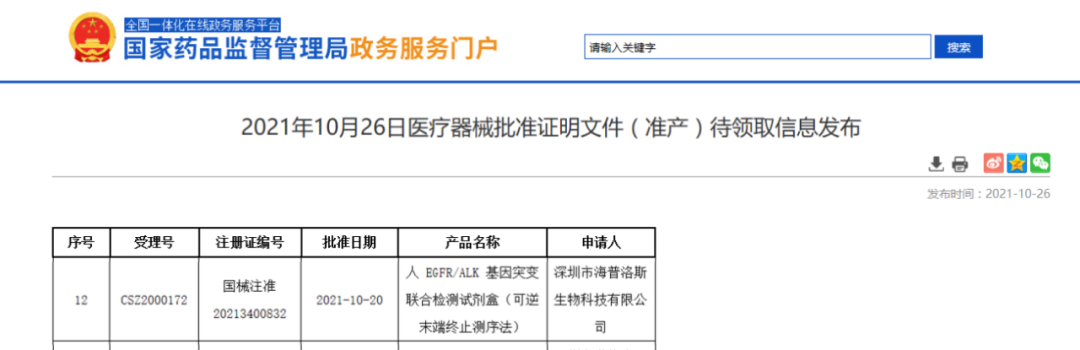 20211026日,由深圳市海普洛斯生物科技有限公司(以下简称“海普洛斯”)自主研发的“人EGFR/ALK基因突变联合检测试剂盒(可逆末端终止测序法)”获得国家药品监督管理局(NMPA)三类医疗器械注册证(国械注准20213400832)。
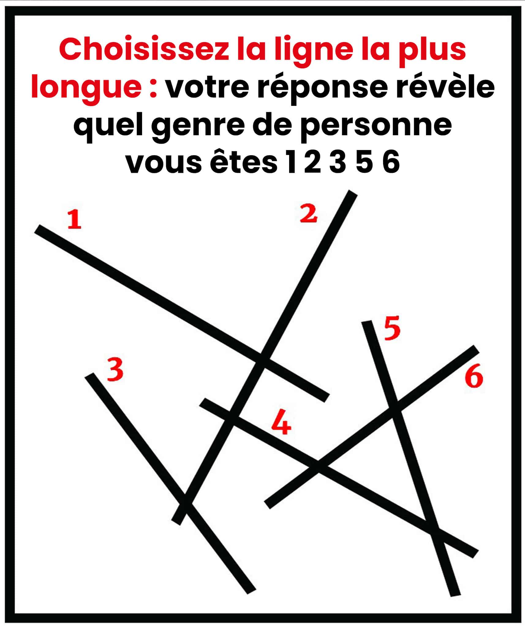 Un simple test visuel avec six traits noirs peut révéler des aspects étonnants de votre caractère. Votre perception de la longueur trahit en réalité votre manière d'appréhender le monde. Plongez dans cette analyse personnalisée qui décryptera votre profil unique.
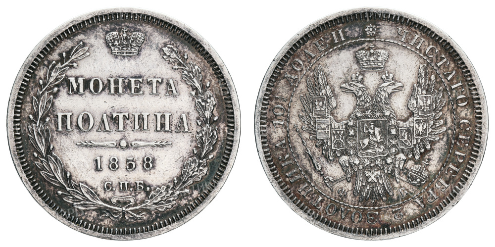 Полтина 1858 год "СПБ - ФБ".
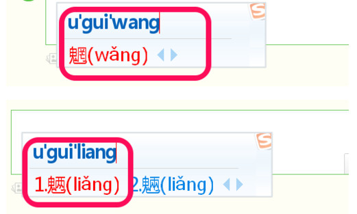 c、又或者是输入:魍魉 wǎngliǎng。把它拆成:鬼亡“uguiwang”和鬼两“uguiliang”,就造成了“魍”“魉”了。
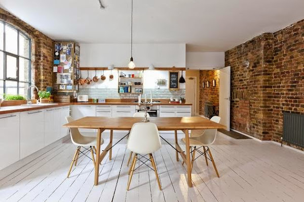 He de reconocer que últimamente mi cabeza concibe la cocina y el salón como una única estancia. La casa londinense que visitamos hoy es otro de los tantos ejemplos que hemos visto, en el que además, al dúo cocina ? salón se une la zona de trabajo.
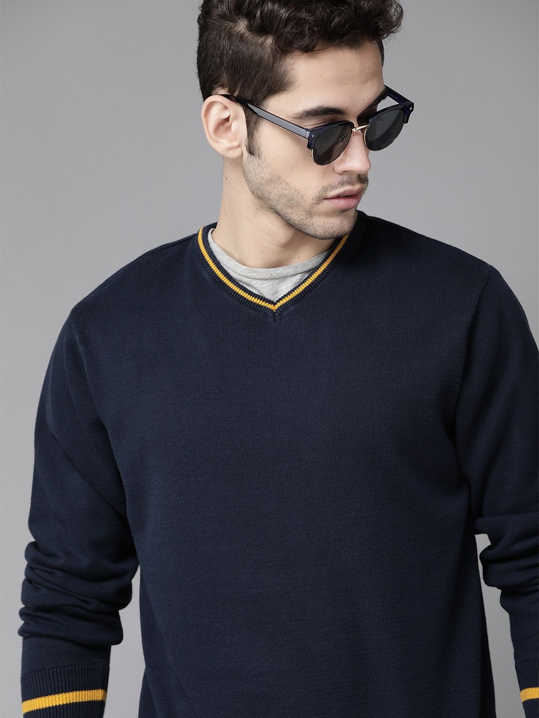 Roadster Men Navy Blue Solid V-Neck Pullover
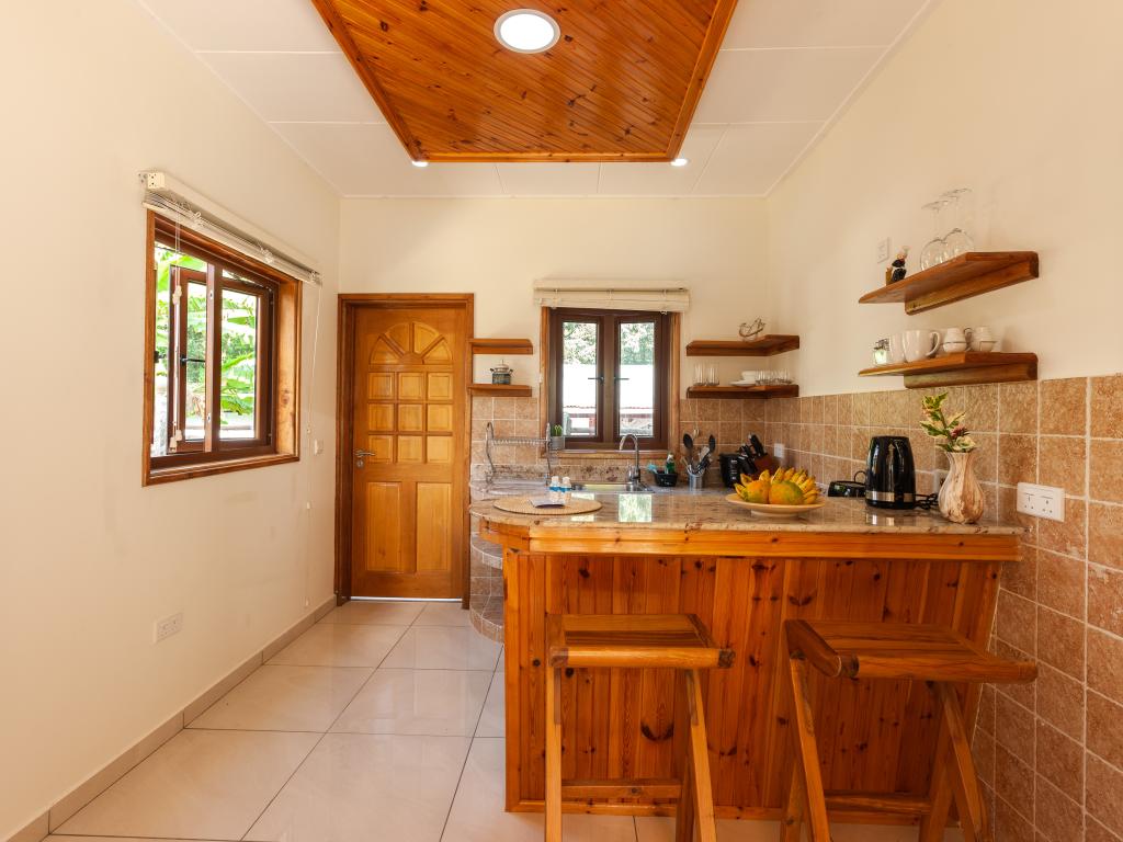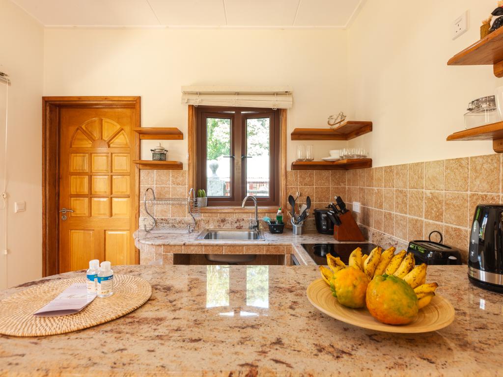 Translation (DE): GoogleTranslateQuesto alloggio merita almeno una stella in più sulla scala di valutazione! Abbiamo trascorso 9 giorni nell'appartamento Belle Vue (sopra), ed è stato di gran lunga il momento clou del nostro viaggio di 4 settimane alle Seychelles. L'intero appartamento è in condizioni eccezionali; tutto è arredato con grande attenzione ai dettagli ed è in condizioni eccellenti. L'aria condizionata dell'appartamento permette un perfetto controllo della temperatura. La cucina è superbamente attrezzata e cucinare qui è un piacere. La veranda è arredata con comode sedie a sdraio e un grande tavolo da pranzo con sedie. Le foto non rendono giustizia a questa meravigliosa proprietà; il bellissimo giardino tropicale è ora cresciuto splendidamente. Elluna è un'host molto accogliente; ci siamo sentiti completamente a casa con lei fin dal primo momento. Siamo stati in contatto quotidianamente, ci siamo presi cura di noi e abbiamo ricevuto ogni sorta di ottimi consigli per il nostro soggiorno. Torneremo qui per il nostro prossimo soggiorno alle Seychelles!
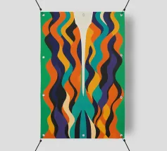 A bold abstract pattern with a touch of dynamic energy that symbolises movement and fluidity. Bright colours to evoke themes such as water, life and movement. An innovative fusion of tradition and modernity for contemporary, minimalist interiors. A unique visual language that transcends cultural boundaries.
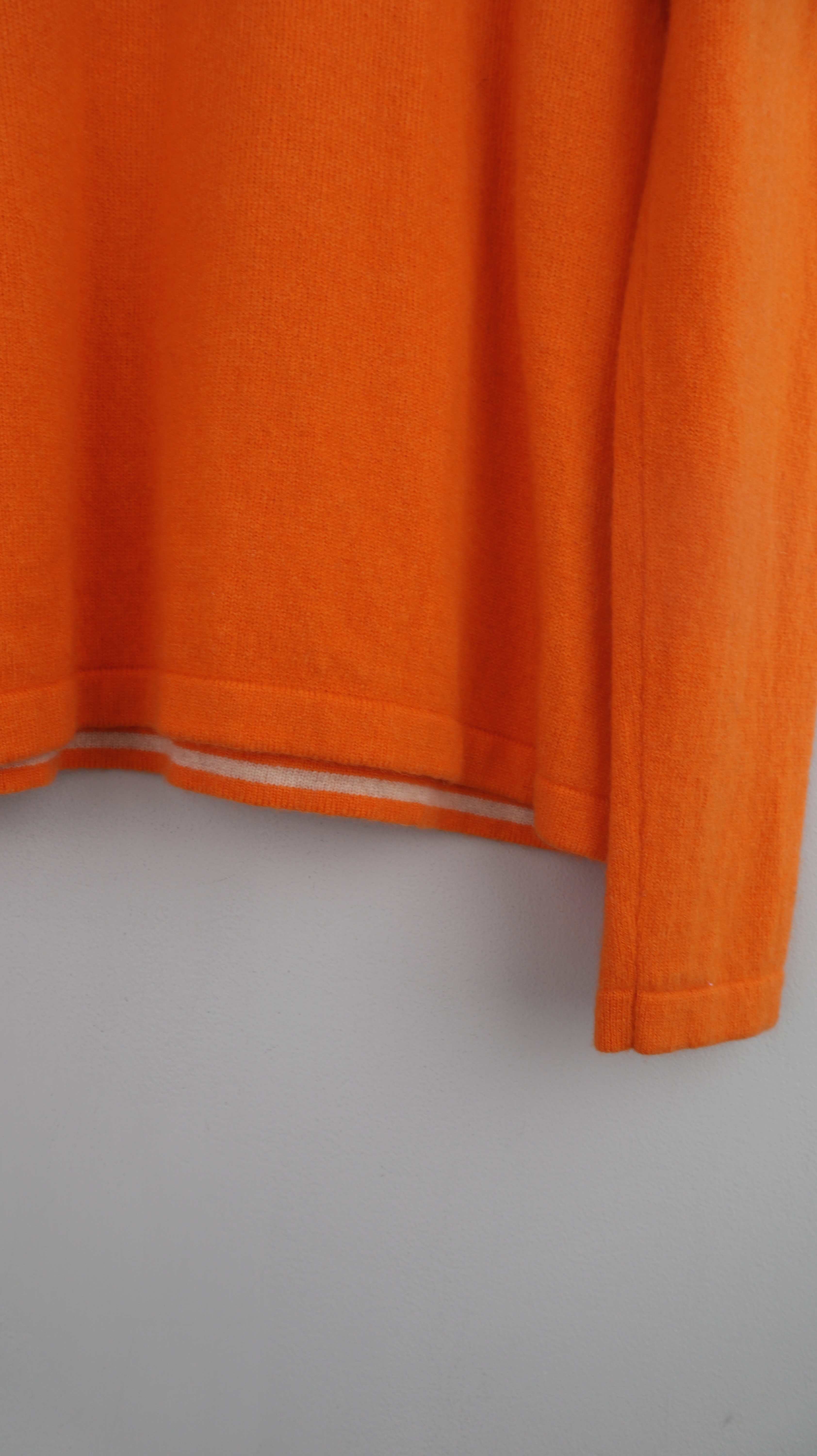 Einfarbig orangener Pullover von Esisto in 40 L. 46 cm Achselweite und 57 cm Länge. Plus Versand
========================================
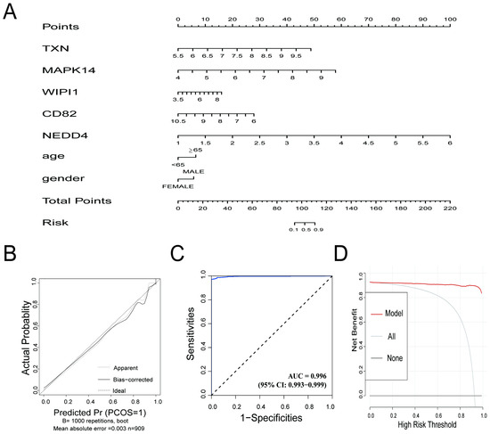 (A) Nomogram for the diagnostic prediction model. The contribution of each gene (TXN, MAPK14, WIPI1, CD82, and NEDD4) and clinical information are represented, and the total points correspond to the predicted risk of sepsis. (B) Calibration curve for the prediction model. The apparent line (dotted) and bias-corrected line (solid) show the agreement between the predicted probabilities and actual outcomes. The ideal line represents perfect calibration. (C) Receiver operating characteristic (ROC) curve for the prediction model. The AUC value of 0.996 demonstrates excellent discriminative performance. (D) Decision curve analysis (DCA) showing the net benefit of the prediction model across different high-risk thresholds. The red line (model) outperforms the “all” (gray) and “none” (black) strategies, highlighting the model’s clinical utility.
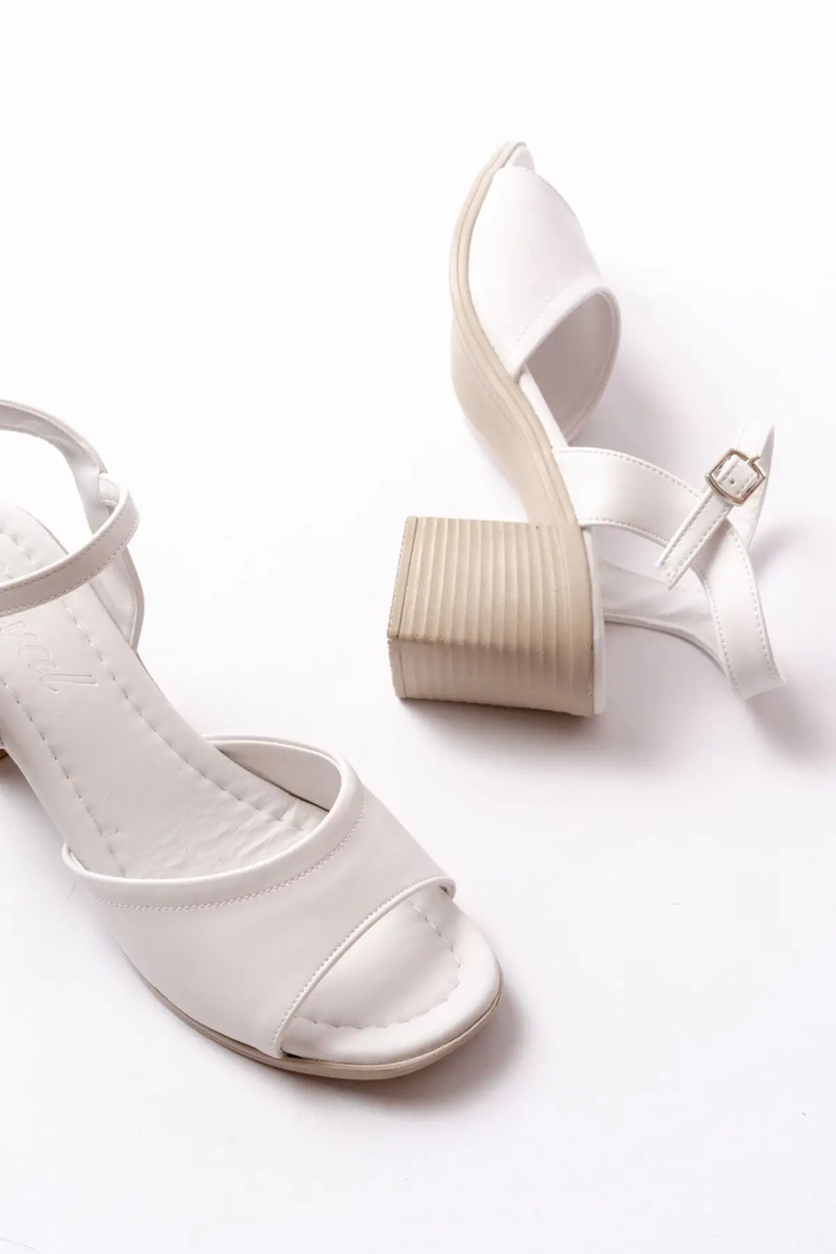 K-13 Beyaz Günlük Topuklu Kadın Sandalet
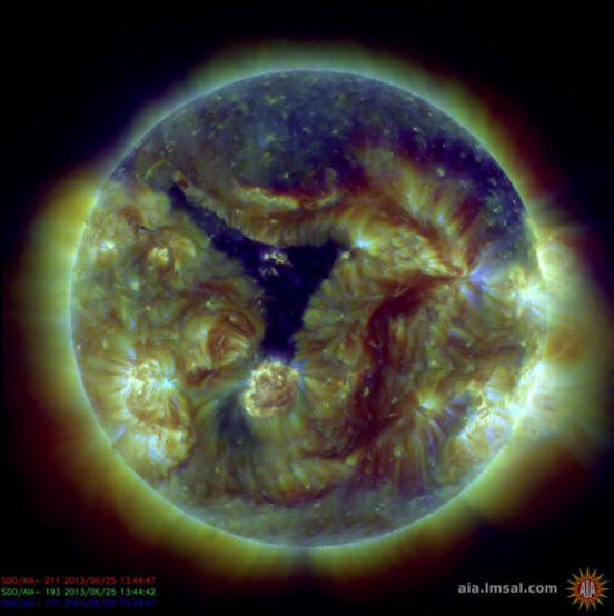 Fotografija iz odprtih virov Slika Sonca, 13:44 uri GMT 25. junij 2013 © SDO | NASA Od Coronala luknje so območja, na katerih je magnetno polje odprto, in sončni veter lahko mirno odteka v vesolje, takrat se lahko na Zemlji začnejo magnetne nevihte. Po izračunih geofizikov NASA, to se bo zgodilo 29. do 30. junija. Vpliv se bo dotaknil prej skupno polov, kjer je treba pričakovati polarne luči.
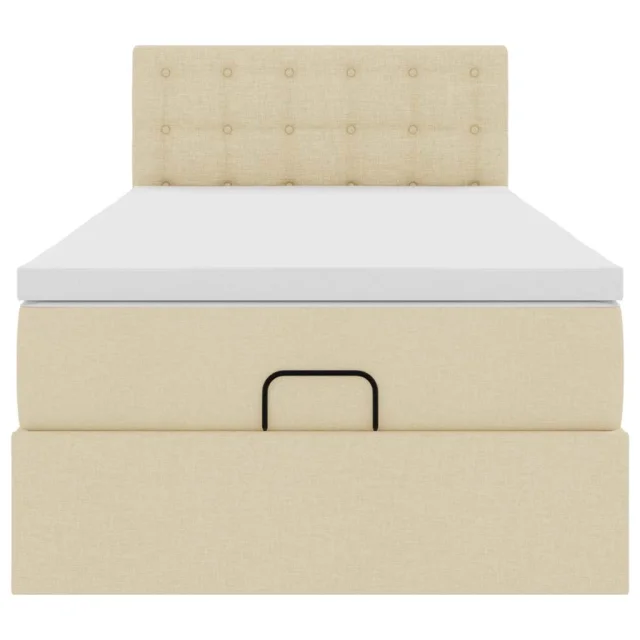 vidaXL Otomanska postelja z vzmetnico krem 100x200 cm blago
========================================
- Exercise requirements -
The lines above starting at the one that holds "20211026日,由深圳市" and ending at the one that holds "Roadster Men Navy Blue Solid V-Neck Pullover" are to be written out exactly, ends included, and no pictures are to be copied.

- Task answer -
 20211026日,由深圳市海普洛斯生物科技有限公司(以下简称“海普洛斯”)自主研发的“人EGFR/ALK基因突变联合检测试剂盒(可逆末端终止测序法)”获得国家药品监督管理局(NMPA)三类医疗器械注册证(国械注准20213400832)。
 Un simple test visuel avec six traits noirs peut révéler des aspects étonnants de votre caractère. Votre perception de la longueur trahit en réalité votre manière d'appréhender le monde. Plongez dans cette analyse personnalisée qui décryptera votre profil unique.
 Полтина 1858 год "СПБ - ФБ".
 c、又或者是输入:魍魉 wǎngliǎng。把它拆成:鬼亡“uguiwang”和鬼两“uguiliang”,就造成了“魍”“魉”了。
 He de reconocer que últimamente mi cabeza concibe la cocina y el salón como una única estancia. La casa londinense que visitamos hoy es otro de los tantos ejemplos que hemos visto, en el que además, al dúo cocina ? salón se une la zona de trabajo.
 Roadster Men Navy Blue Solid V-Neck Pullover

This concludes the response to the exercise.